(Data Opens)
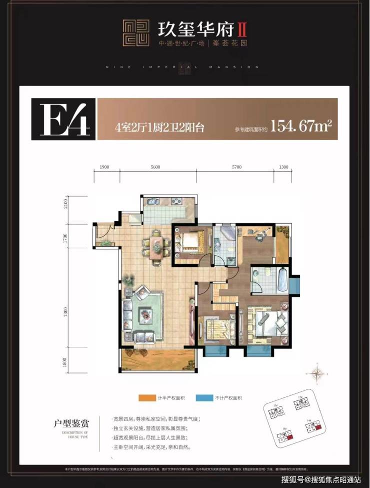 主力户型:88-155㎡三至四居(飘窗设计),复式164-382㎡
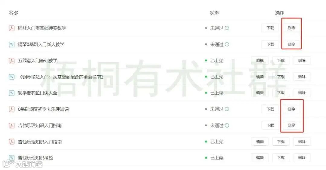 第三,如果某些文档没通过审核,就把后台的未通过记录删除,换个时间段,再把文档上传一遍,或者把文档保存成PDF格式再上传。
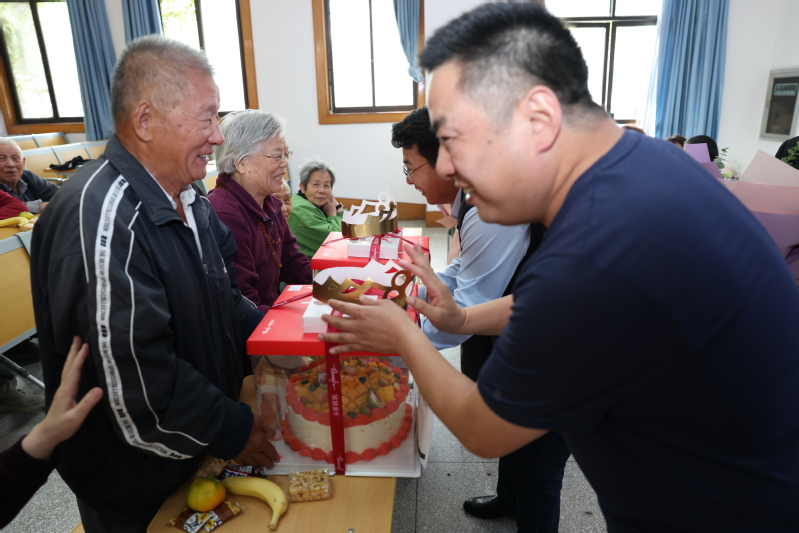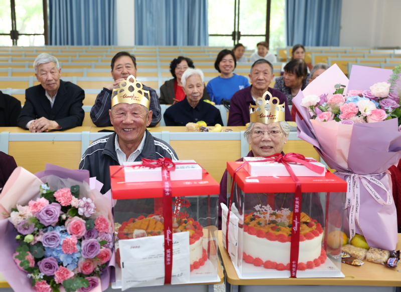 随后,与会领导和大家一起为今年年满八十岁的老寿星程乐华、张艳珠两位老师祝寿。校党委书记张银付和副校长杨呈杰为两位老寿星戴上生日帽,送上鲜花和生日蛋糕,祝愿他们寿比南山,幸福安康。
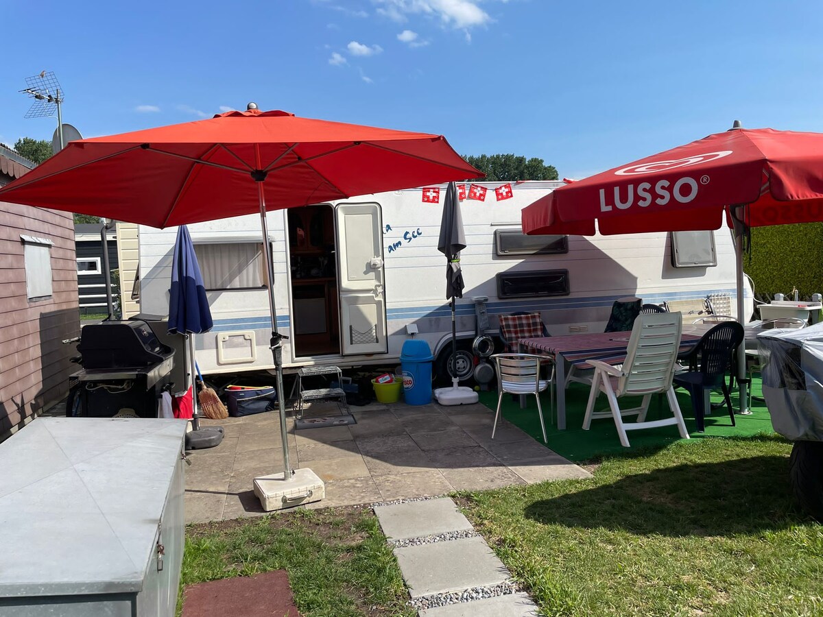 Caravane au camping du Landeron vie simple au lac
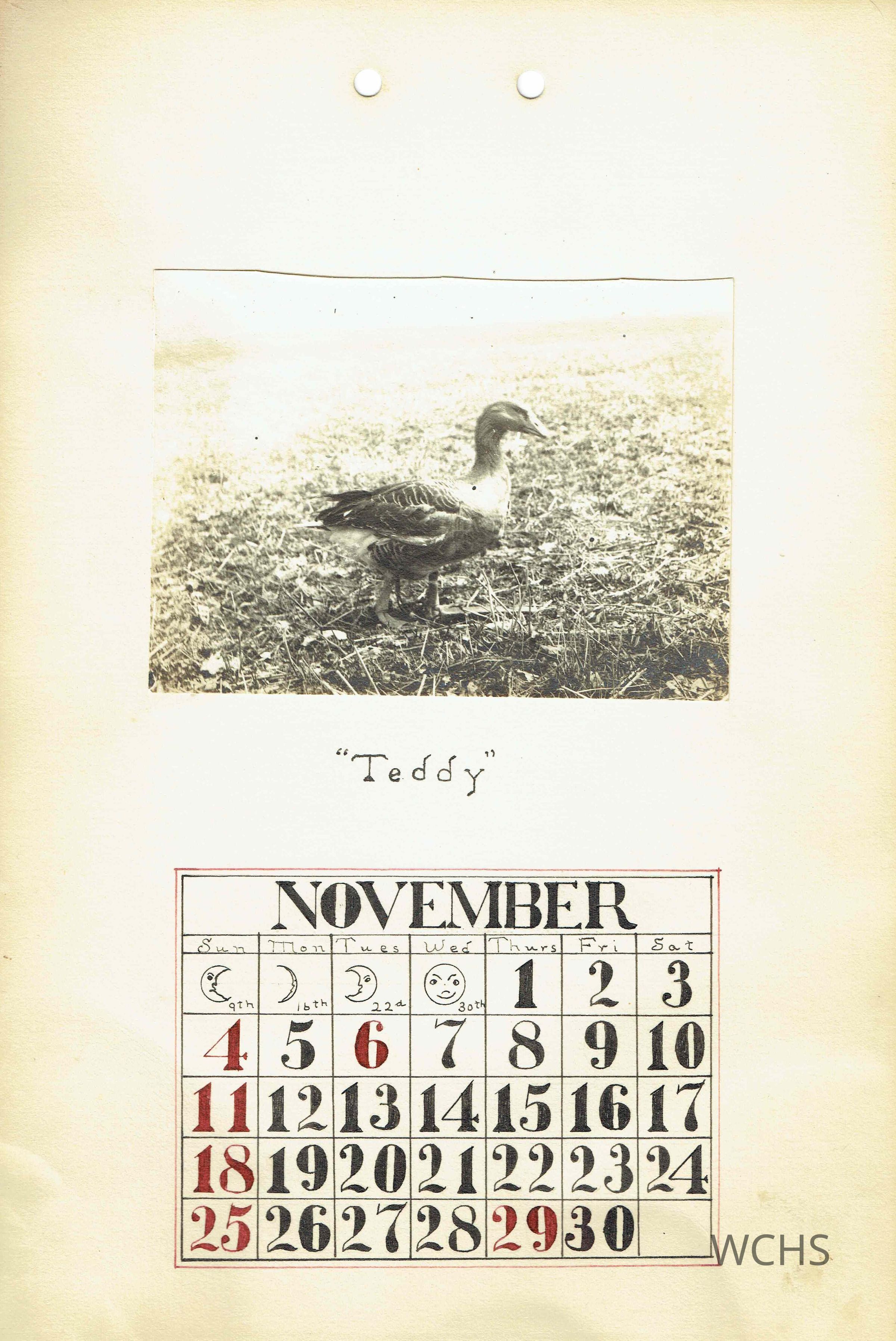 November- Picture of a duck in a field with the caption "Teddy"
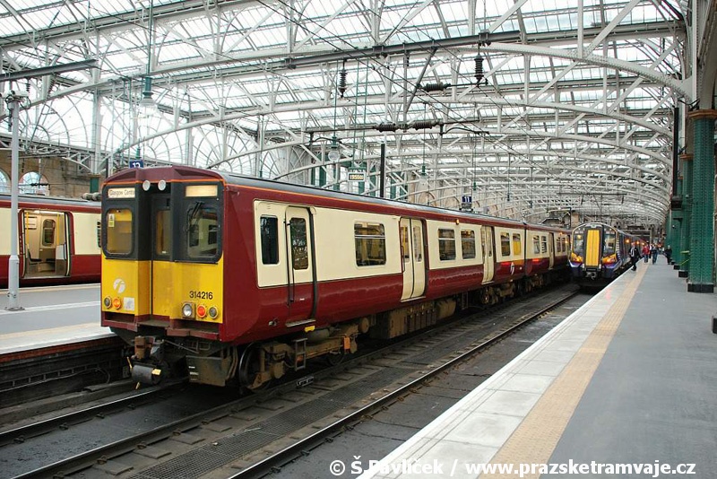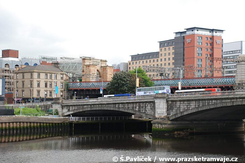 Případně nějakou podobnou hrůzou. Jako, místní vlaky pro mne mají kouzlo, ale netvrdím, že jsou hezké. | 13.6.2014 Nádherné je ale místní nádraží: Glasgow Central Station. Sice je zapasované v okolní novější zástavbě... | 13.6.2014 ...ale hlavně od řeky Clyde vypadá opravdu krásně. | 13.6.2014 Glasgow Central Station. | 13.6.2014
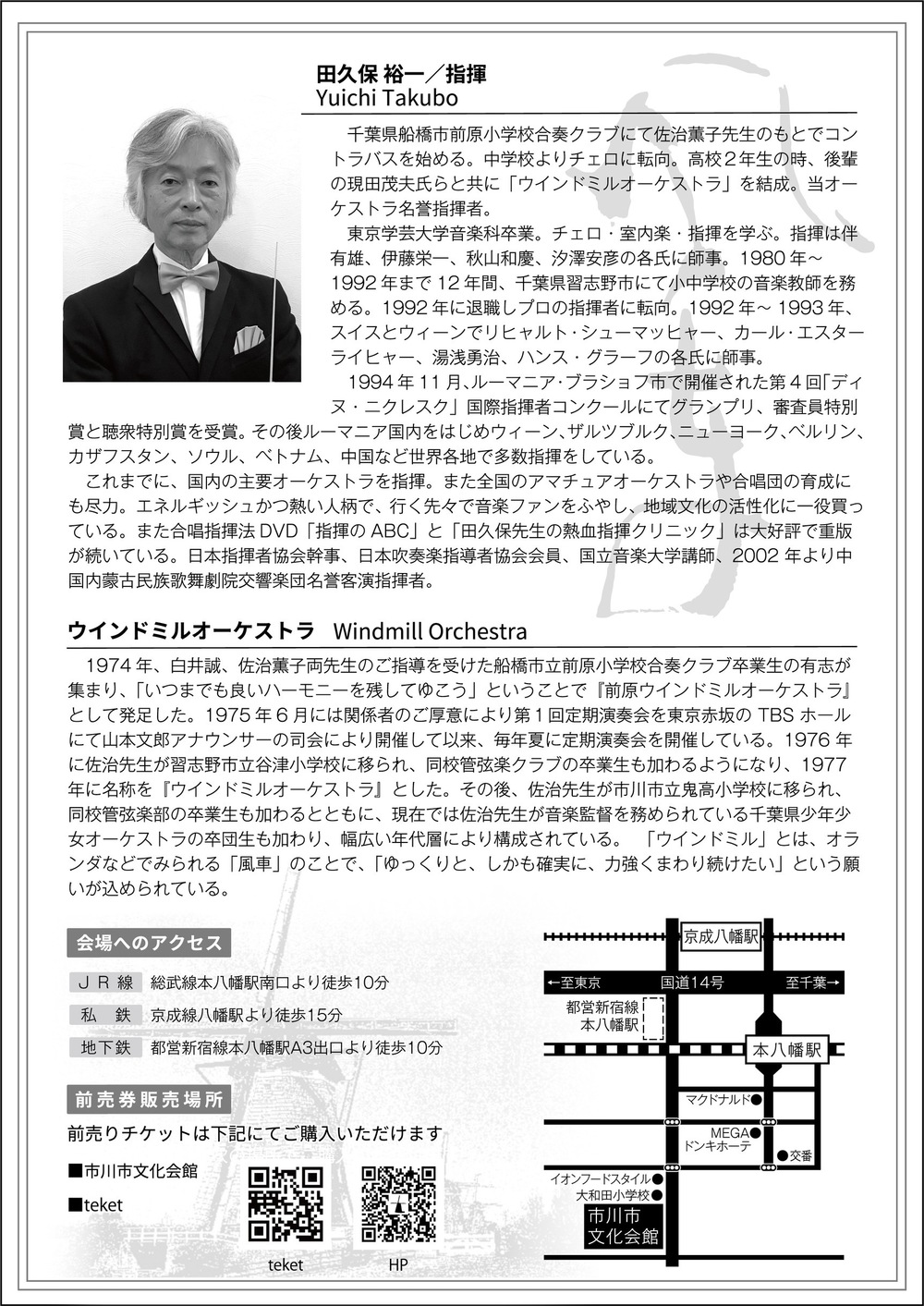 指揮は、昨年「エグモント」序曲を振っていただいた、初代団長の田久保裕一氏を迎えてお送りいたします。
(Data Closes)
(Data Opens)
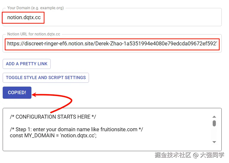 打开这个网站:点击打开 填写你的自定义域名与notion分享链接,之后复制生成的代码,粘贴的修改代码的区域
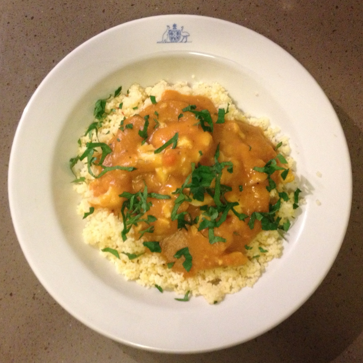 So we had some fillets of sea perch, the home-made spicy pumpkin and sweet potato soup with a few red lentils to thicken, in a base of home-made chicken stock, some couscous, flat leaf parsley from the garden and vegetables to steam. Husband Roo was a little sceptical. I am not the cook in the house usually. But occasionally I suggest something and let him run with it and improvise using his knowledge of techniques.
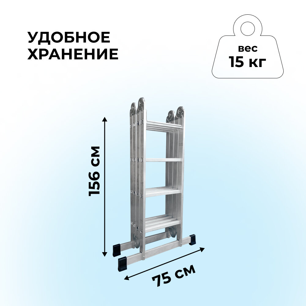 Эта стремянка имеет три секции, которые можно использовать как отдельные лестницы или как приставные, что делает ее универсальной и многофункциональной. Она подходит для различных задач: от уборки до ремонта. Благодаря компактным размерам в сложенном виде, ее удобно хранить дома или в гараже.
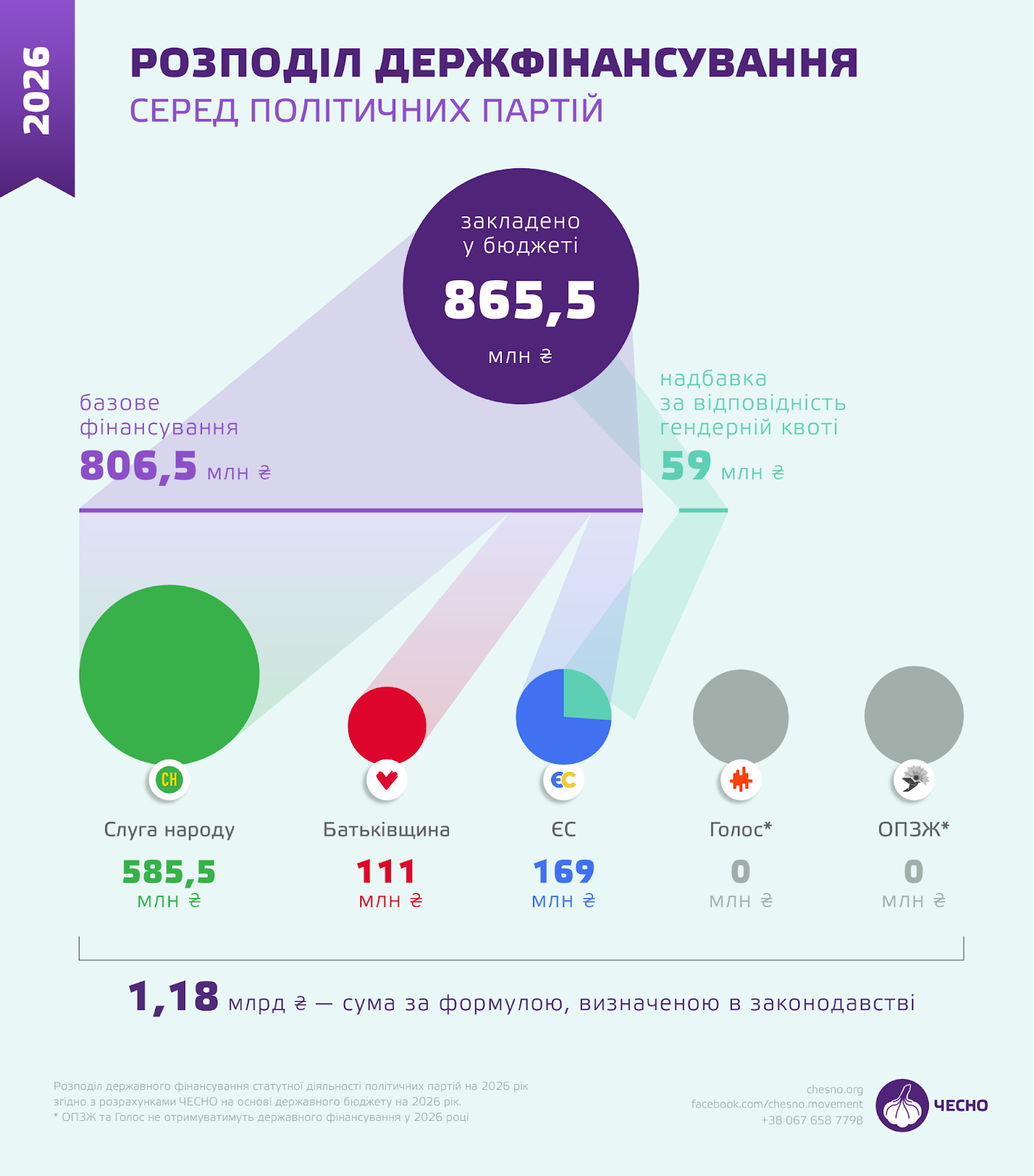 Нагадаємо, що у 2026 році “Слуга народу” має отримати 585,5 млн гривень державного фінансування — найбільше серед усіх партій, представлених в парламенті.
(Data Closes)
Range to copy from the listing above: the line containing "主力户型:88-155㎡三至四居(飘窗设计),复式164-382㎡" down to the line containing "November- Picture of", both included. Reproduce it exactly, minus the pictures, and add nothing.

- Worked solution
 主力户型:88-155㎡三至四居(飘窗设计),复式164-382㎡
 第三,如果某些文档没通过审核,就把后台的未通过记录删除,换个时间段,再把文档上传一遍,或者把文档保存成PDF格式再上传。
 随后,与会领导和大家一起为今年年满八十岁的老寿星程乐华、张艳珠两位老师祝寿。校党委书记张银付和副校长杨呈杰为两位老寿星戴上生日帽,送上鲜花和生日蛋糕,祝愿他们寿比南山,幸福安康。
 Caravane au camping du Landeron vie simple au lac
 November- Picture of a duck in a field with the caption "Teddy"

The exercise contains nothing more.